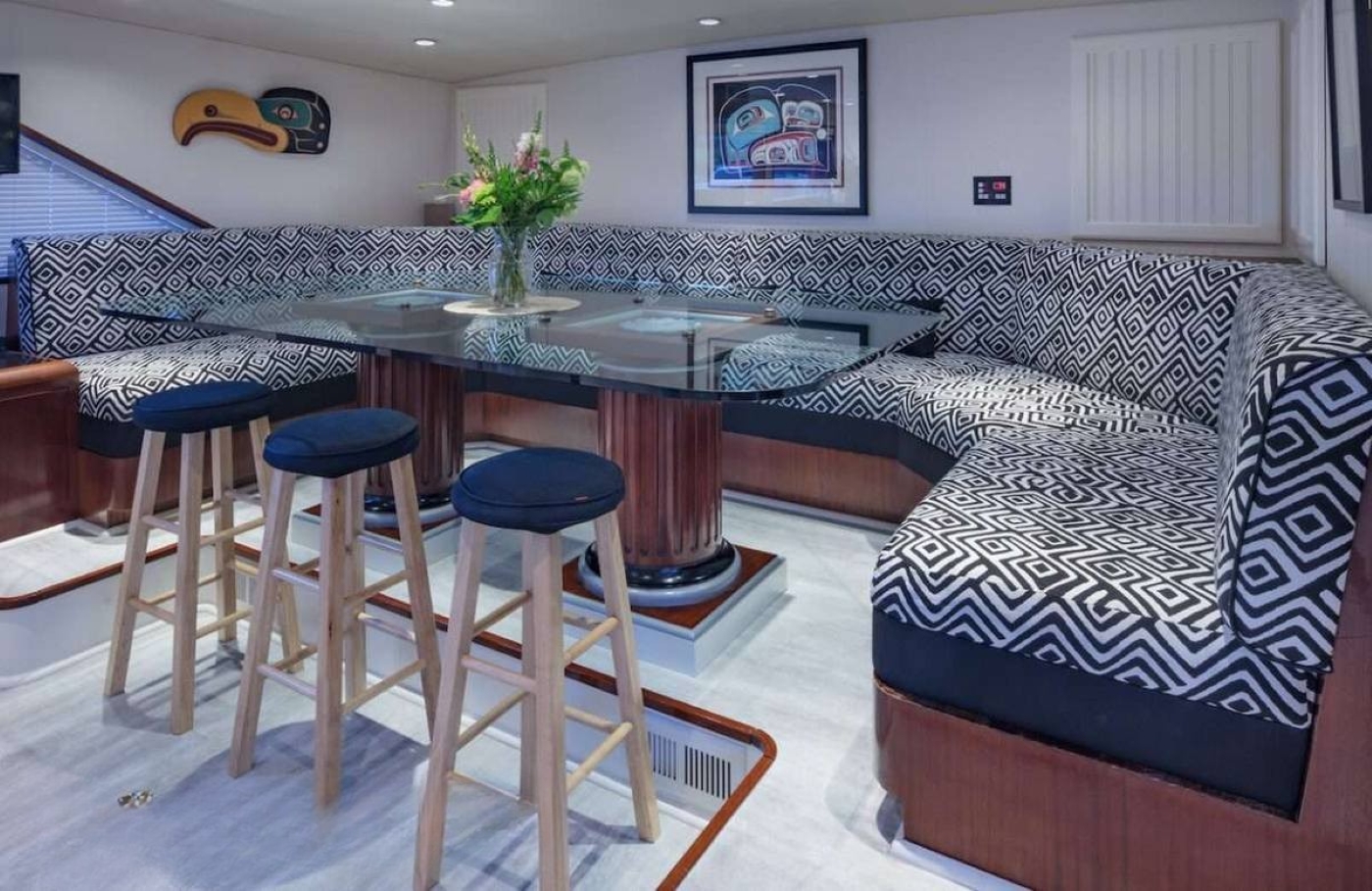 The enclosed aft deck offers a cozy dining area, allowing guests to savor meals while surrounded by Alaska’s breathtaking landscapes, regardless of the weather.
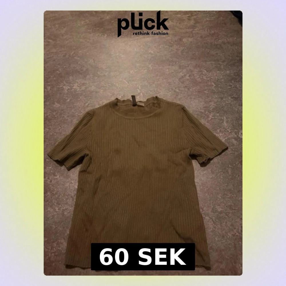 Säljer en olivgrön ribbad topp med korta ärmar och hög hals. Toppen har en enkel, stilren design och är perfekt att matcha med både jeans och kjol. Materialet känns mjukt och stretchigt för en bekväm passform.
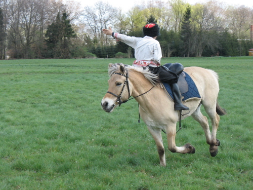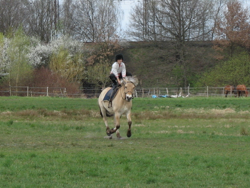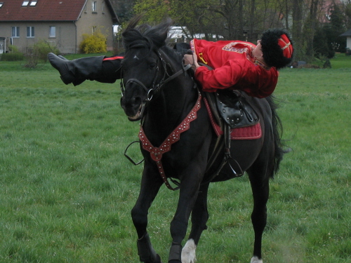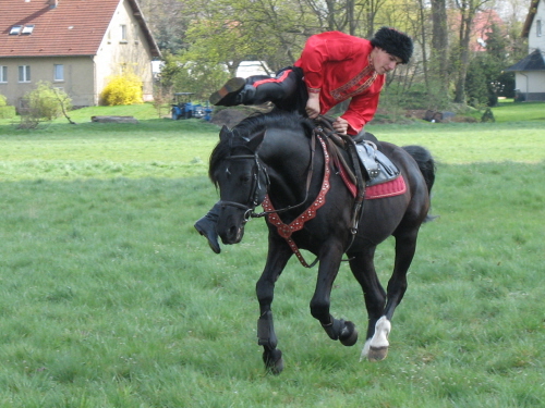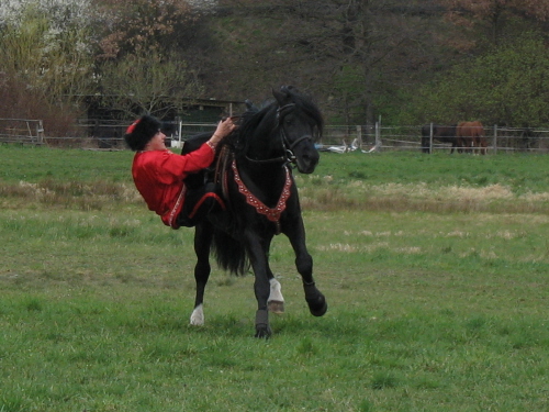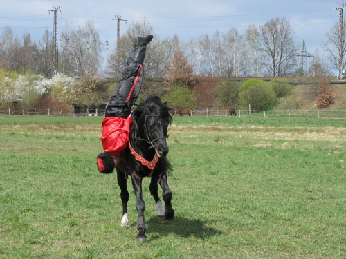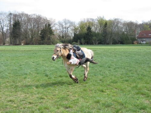 Boris im Galopp rückwärts auf dem Hals
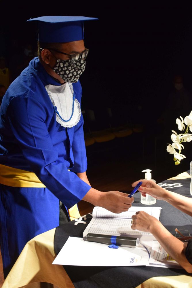 A noite da sexta-feira, 03/12, foi o momento de celebrar essa conquista. Dos 20 concluintes, 10 fizeram questão de encerrar esse ciclo com a tradicional cerimônia, dessa vez com poucos convidados e seguindo todos os protocolos relacionados à pandemia. E não podia faltar a beca, as homenagens e o canudo na mão.
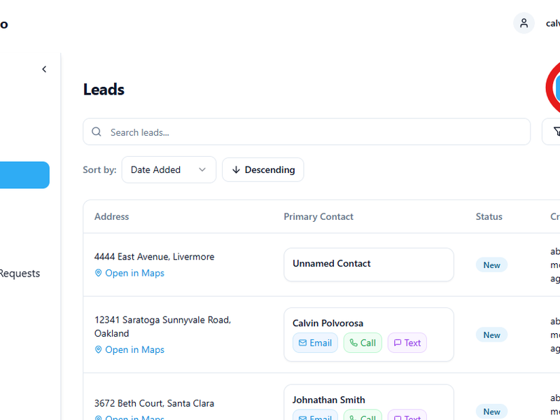 - Fill in the lead details such as the property address, and customer contact info.
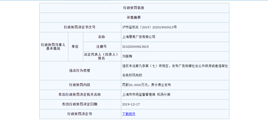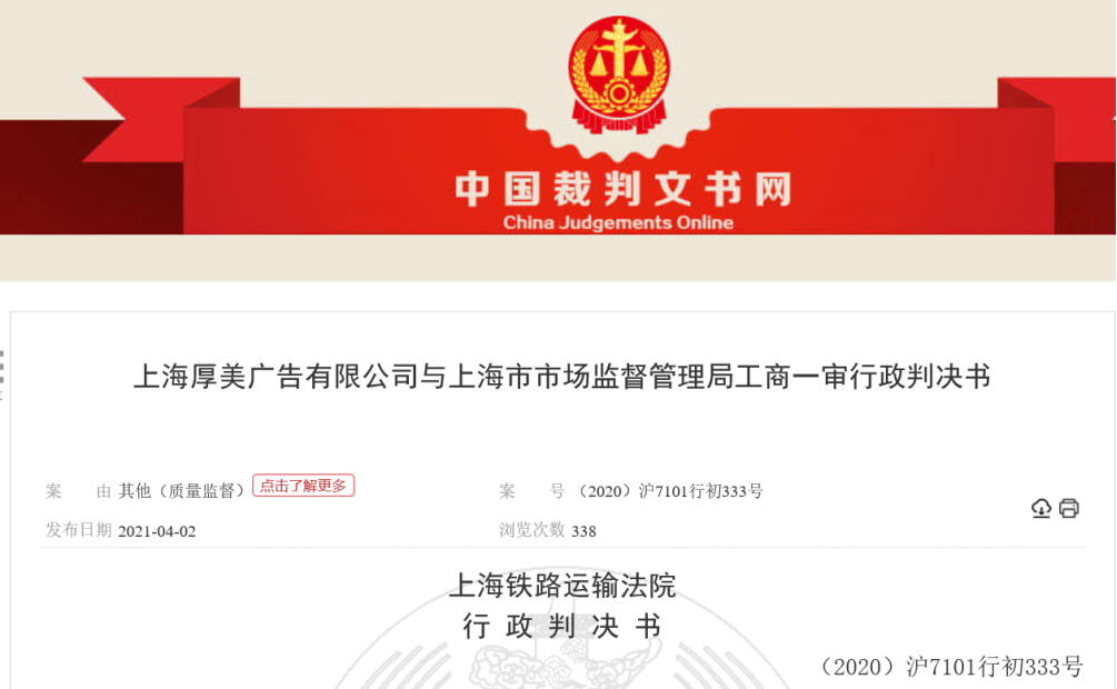2020年5月,上海厚美广告有限公司不服,诉至法院,要求撤销上述行政处罚。上海铁路运输法院认为,案涉广告内容从其字面意思来看,的确存在哗众取宠、低级庸俗以吸引眼球之嫌,有违公序良俗,易产生负面效应。上海市市场监督管理局作出被诉行政处罚决定,认定事实清楚,证据确实充分,适用法律正确,裁量并无明显不当,驳回原告上海厚美广告有限公司的诉讼请求。
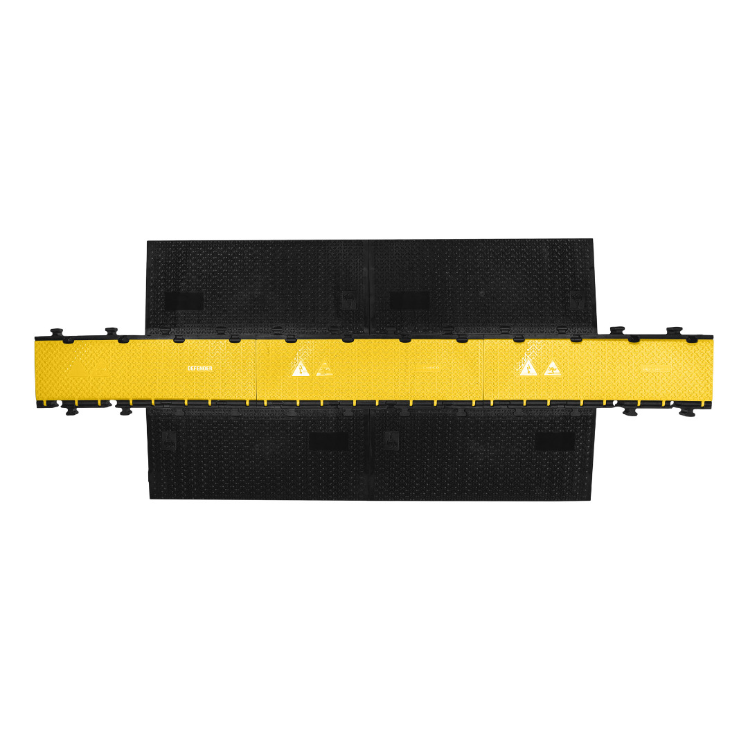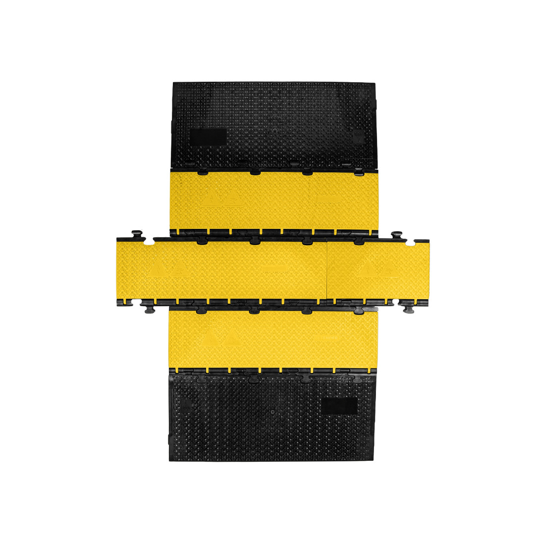 Hochbelastbare Allround-Kabelbrücke mit 3D-Lasergrip Anti-Rutsch-Oberfläche aus blauem, recyceltem Polyurethan und patentiertem selbst reinigendem Deckel-Scharnier
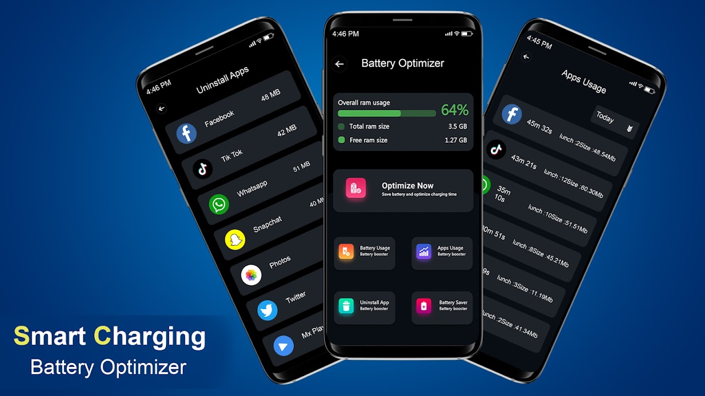 تم تصميم ميزة تحسين البطارية لتحسين الأجهزة الحديثة بطريقة ذكية لزيادة عمر بطارية الهاتف المحمول. يوفر حل تحسين كامل الميزات لجهازك عن طريق إغلاق الأنشطة الحديثة والأنشطة الأخرى التي لا يستخدمها المستخدم واستنزاف البطارية. يعرض التطبيق حالة درجة الحرارة في الوقت الفعلي وتجربة الشحن السريع أثناء الشحن. يتحكم Optimizer في التطبيق الذي يستهلك بطارية الهاتف مثل إغلاق Wi-Fi وبيانات الجوال و Bluetooth وأنشطة الخلفية الأخرى.
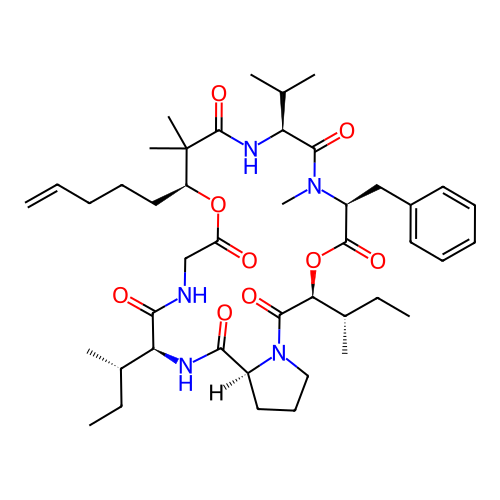 | SMILES | CC[C@H](C)[C@H]1C(=O)NCC(=O)O[C@H](C(C(=O)N[C@H](C(=O)N([C@H](C(=O)O[C@H](C(=O)N2CCC[C@H]2C(=O)N1)[C@@H](C)CC)CC3=CC=CC=C3)C)C(C)C)(C)C)CCCC=C |
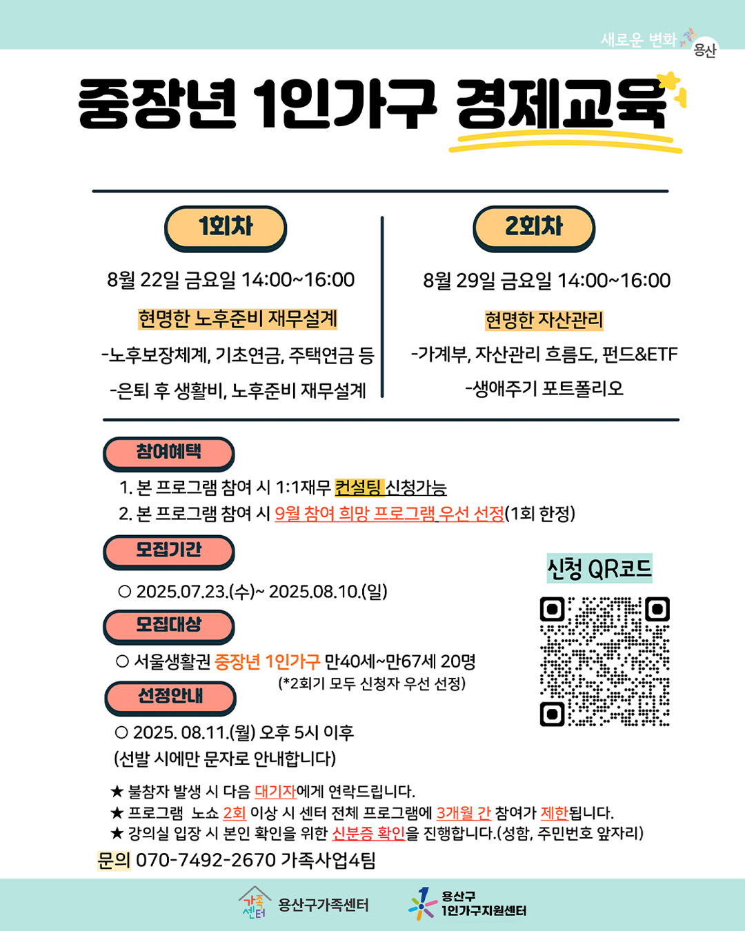 서울 용산구청이 중장년 1인가구를 위한 경제교육 프로그램 참여자를 모집한다. 이번 프로그램은 서울에 거주하거나 생활권이 있는 만 40세에서 67세 사이의 1인가구…
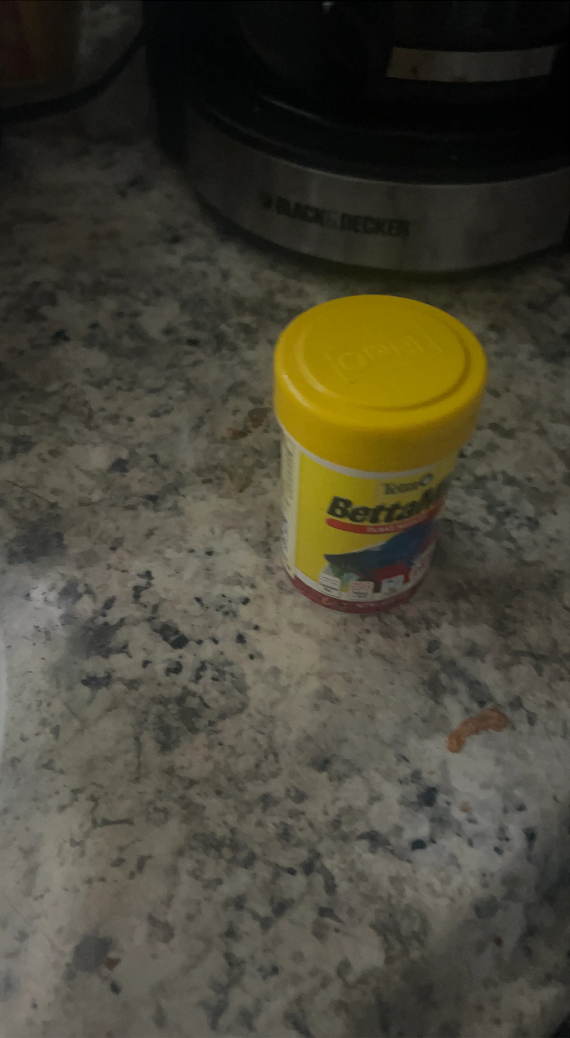 This is Tetra BettaMin fish food flakes for betta fish. It's in a yellow container with a red lid. The container has graphics of fish on it.
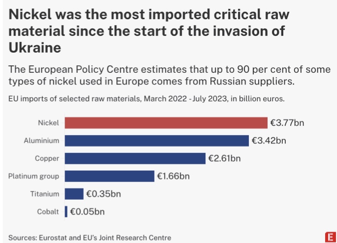 More than €3.7bn arrived between January and July 2023, including €1.2bn of nickel. The European Policy Centre estimates that up to 90 percent of some types of nickel used in Europe comes from Russian suppliers.
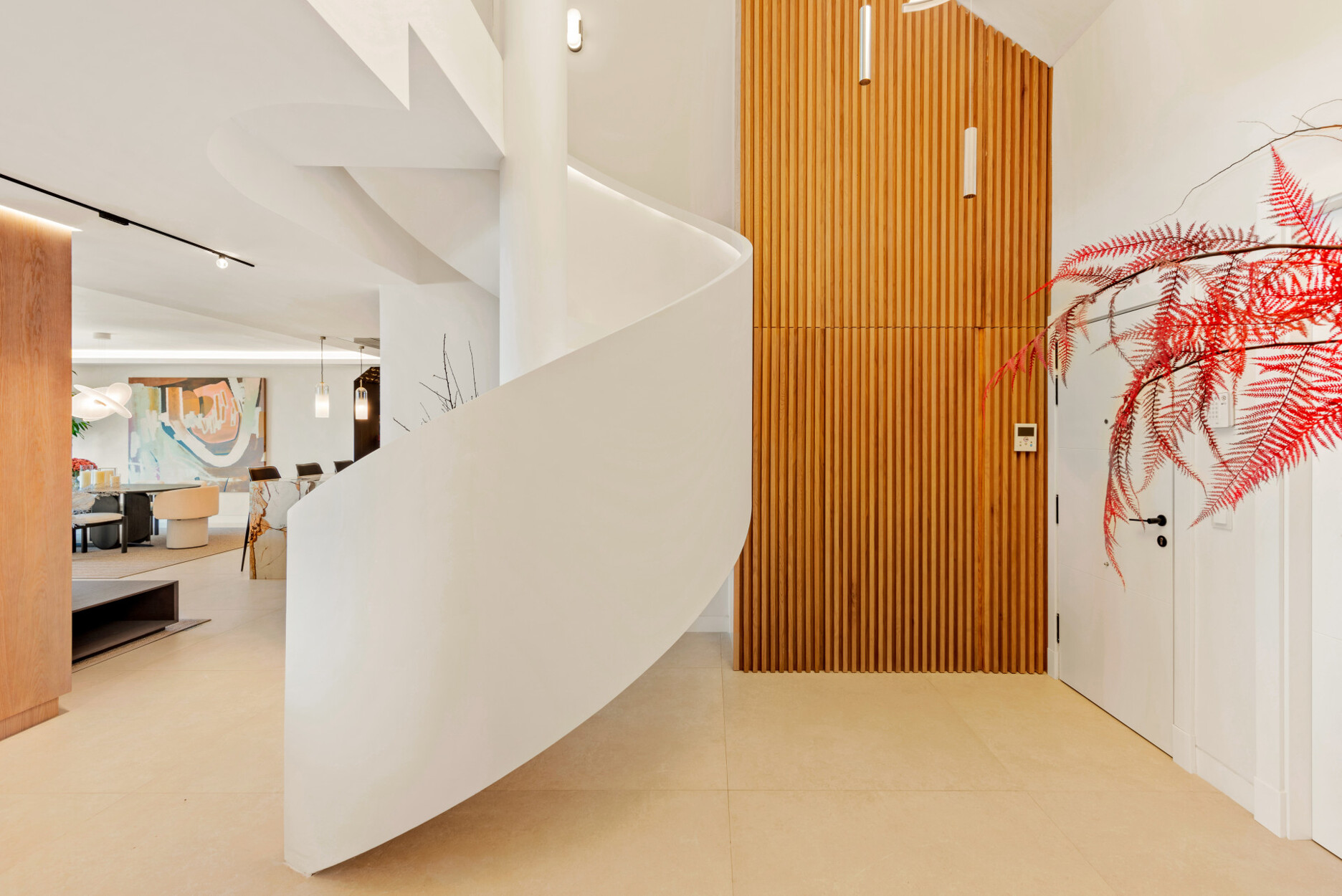 Deze woning is volledig gerenoveerd met materialen van de hoogste kwaliteit en heeft directe toegang tot de lift. De hoofdverdieping heeft een open ontwerp dat perfect harmonieert met de eetkamer, woonkamer en een moderne keuken, die uitkomt op een spectaculair terras met vrij frontaal zeezicht. Op dezelfde verdieping bevinden zich drie slaapkamers met eigen badkamer.
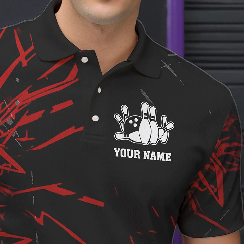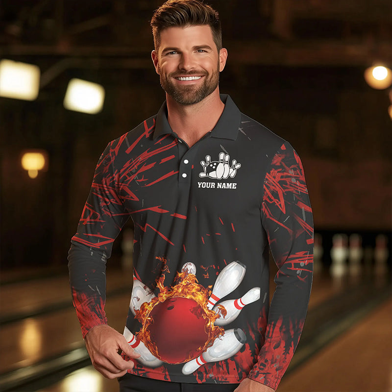 Black and Red Flame Bowling Polo, Quarter Zip Shirts for Men Custom Team mens bowling jersey NQS9313
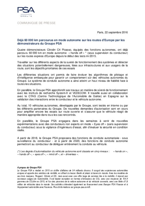Quatre démonstrateurs Citroën C4 Picasso, équipés des fonctions autonomes, ont déjà parcouru 60 000 km en mode autonome " hands off "(sous supervision du conducteur) sur les routes express d’Europe depuis le début des tests mi 2015. Travailler sur les différents aspects de la sûreté de fonctionnement des systèmes et détecter des situations potentiellement dangereuses, liées aux infrastructures et aux usagers de la route, sont les objectifs prioritaires de ces essais.
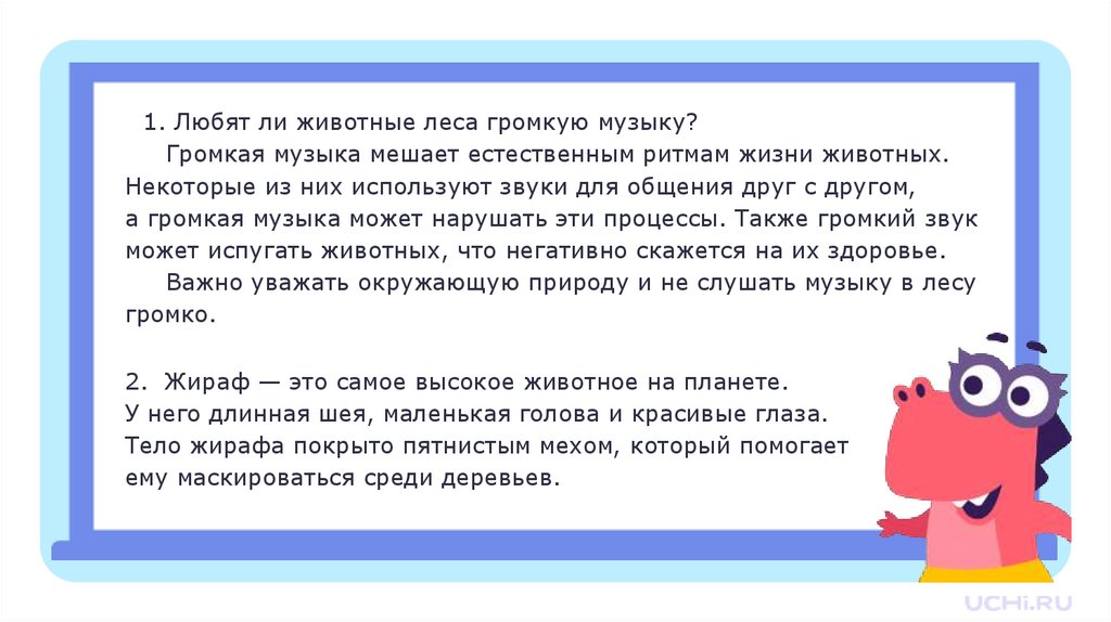1. Любят ли животные леса громкую музыку?Громкая музыка мешает естественным ритмам жизни животных.
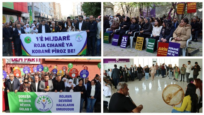 DEM Parti Adana İl Örgütü’nde Kobanê Günü kapsamında kutlama yapıldı. Saygı duruşuyla başlayan etkinlikte konuşan DEM Parti Adana İl Eşbaşkanı Seyfettin Aydemir, ” Kobanê direnişinin ruhu ve yarattığı aydınlık söndürülemez. Bu aydınlığa olan inancımızla özgürlüğümüzden, haklarımızdan ve kazanımlarımızdan asla geri adım atmayacağız. Kobanê direnişinin halklar için yarattığı bahara sahip çıkacağız. Kobanê’de insanlığı karanlığa sürüklemek isteyenlere karşı direnenlerin yaktığı meşale; eşitlik ve özgürlük savunucularının yolunu bugün de aydınlatmaya devam ediyor. Bu şanlı direnişin 11’inci yıldönümünde, IŞİD karanlığını yırtan, geleceği aydınlatan direniş meşalesini, dünya halklarının enternasyonalist dayanışma ruhunu selamlıyoruz, Dünya Kobanê Günü’nü kutluyoruz” dedi.

---------------

**What the exercise asks:** Print nothing but the lines above starting with the line that contains "서울 용산구청이 중장년" and going on through the line that contains "This is Tetra". Leave out the pictures.

**Output for this exercise:**
 서울 용산구청이 중장년 1인가구를 위한 경제교육 프로그램 참여자를 모집한다. 이번 프로그램은 서울에 거주하거나 생활권이 있는 만 40세에서 67세 사이의 1인가구…
 This is Tetra BettaMin fish food flakes for betta fish. It's in a yellow container with a red lid. The container has graphics of fish on it.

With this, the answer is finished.